Title: Who Do you Think You Are
Author: Mark Driscoll
Publisher: Thomas Nelson
Publishing Year: 2013
My Rating: 4 out of 5 (1 meaning I hated the book, 5 meaning I loved the book)
Finding our identity in Christ is the topic of the latest coming from Mark Driscoll. At times it seems folks like Driscoll work too hard trying mold theology into a cool, trendy concept for a younger generation. Yet, this book moves beyond that imposed stereotype and addresses an issue this generation (and all generations) struggle with.
How do you identify yourself? Some are quick to mention their occupation, their hobby or their personal achievements. Yet others are trapped by memories of life-altering accidents, horrible sin or depressing tragedies. However, the good news of the gospel is that we are in Christ. Our works, our sin, our failures, our success, our regrets, our victories are erased by the all-encompassing work of Christ. As Christians we identify with the Savior and rest in His work and plan. Christ is my life.

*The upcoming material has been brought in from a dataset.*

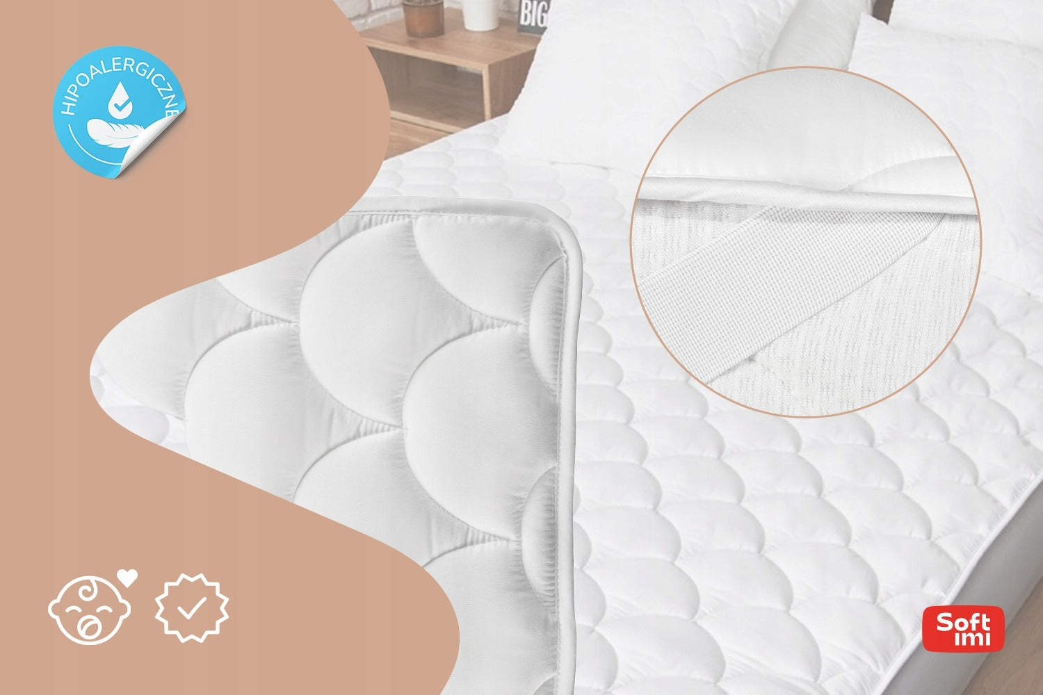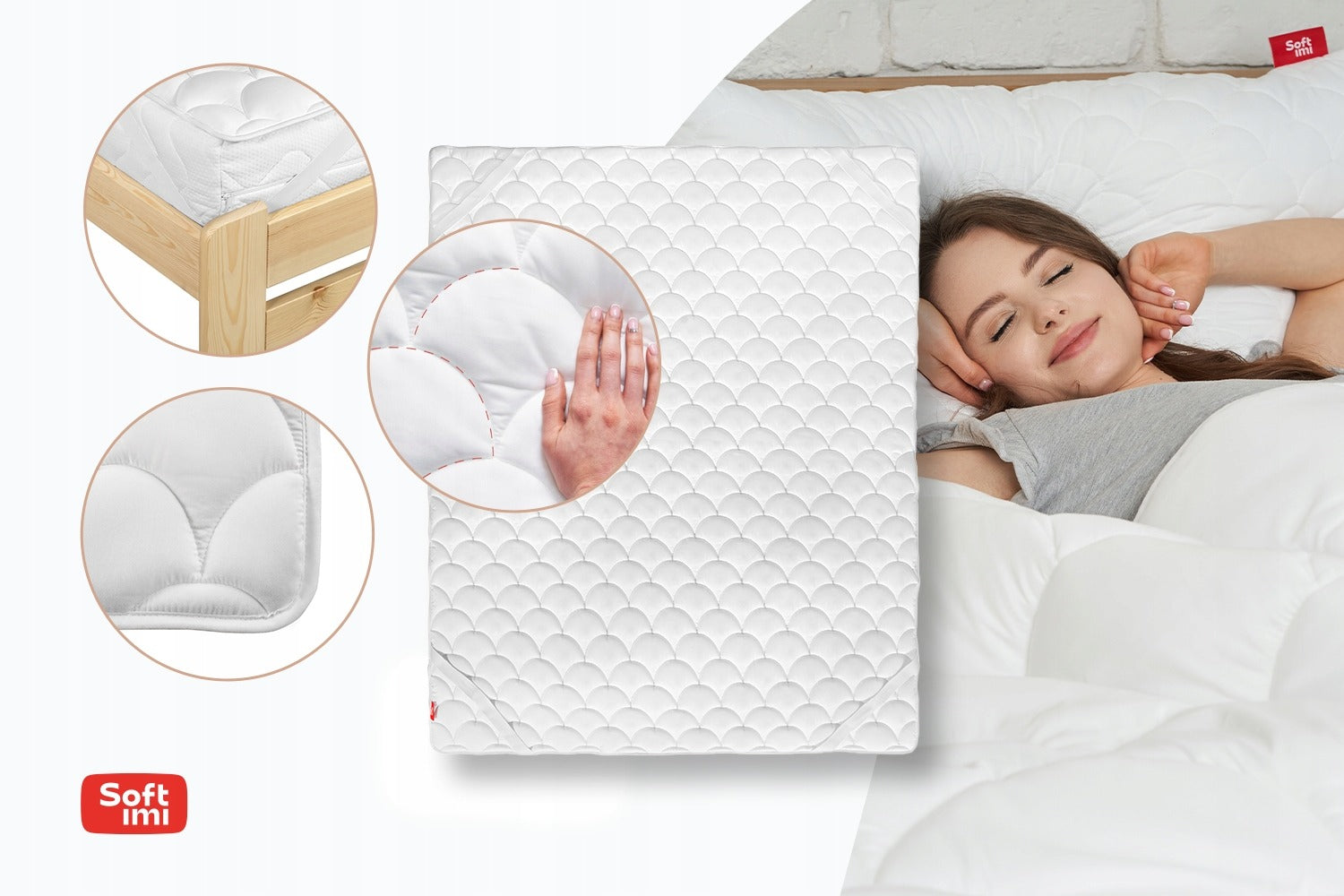 Čiužinio užtiesalas 160x200 Softimi – tai aukščiausios kokybės antialerginis topperis, sukurtas suteikti maksimalų miego komfortą ir apsaugoti jūsų čiužinį nuo nusidėvėjimo. Šis užtiesalas ne tik išlygina nelygumus, bet ir paverčia bet kurį čiužinį minkštesniu bei patogesniu, todėl ryte pabusite pailsėję, be nugaros įtampos ir su maloniu lengvumo jausmu. Softimi topperis pasiūtas Lenkijoje iš aukštos kokybės mikrofibros ir pripildytas HCS silikonizuotu pluoštu 300 g/m² tankio, kuris pasižymi išskirtiniu elastingumu ir oro pralaidumu.

In this book Mark Driscoll reminds us that to be in Christ means I am a saint, blessed, appreciated, saved, reconciled, afflicted, heard, gifted, new, forgiven, adopted, loved, rewarded and victorious. If you are a Christian, this is who you are. You are not known by God through your works of self-righteousness or sins of depravity – you are known through His Son Jesus Christ. What a blessing!
“As Christians, we live from our identity, not for our identity. We are defined by who we are in Christ, not what we do or fail to do for Christ. Christ defines who we are by who he is and what he’s done for us, in us and through us.” (page 17)
Each chapter of this book seeks to answer the question of “Who Am I?” by walking through the book of Ephesians passage by passage. I think Driscoll does a fairly good job of expositing the text and highlighting helpful nuances. Each chapter also features opening illustrations of individuals struggling with their past failures and finally coming to see their new life in Christ.
I must say this book was an incredible blessing to me. It was just the encouragement I needed to start the year off. I am one who struggles with the idea of acceptance and confidence so much of the content of this book really hit home.
One chapter in particular that took me off guard was 5 – “I am Appreciated.” It just doesn’t seem right to think of myself as appreciated. Sometimes as Christians, we don’t know what to do with praise, compliments or appreciation from others. We rightfully attribute anything of value we are able to do to God’s grace and strength. Yet, it is not wrong to appreciate the work of God in the lives of others nor is it necessarily a bad thing to revel in the value you have through the grace and strength of God.
Driscoll explains, “While it may sound spiritual to say that everything that happens in solely by God and that we take no credit and deserve no appreciation for anything we do, it’s unbiblical and ungrateful. The reality is that we are God’s “workmanship, created in Christ Jesus for good works, which God prepared beforehand that we should walk in them.” The word workmanship used by Paul denotes that we are God’s work of art or poem. Just as we do with works of art made by artists in this world, we can take enjoyment in, praise, and appreciate the work of the art itself while giving ultimate credit to the artist who created it.” (page 56)
There are a few things I may wince at or shake my head at a few times in these pages… While at times Driscoll’s illustrations can be graphic for my taste, I need to remember life outside the four walls of the white, suburban, upper-middle class comfortable churches and Christian organizations I am associated with can be rough. Sometimes I need to be reminded of the real needs of real people. Driscoll’s charismatic, spiritual-gift views are not where I am at, but this book is still of great value despite of my differences with him in these areas.
So, I would encourage you to purchase this book and start to study just what it means to find your identity in Christ.
Disclaimer: This book was provided by the publisher for review. I was under no obligation to offer a favorable review.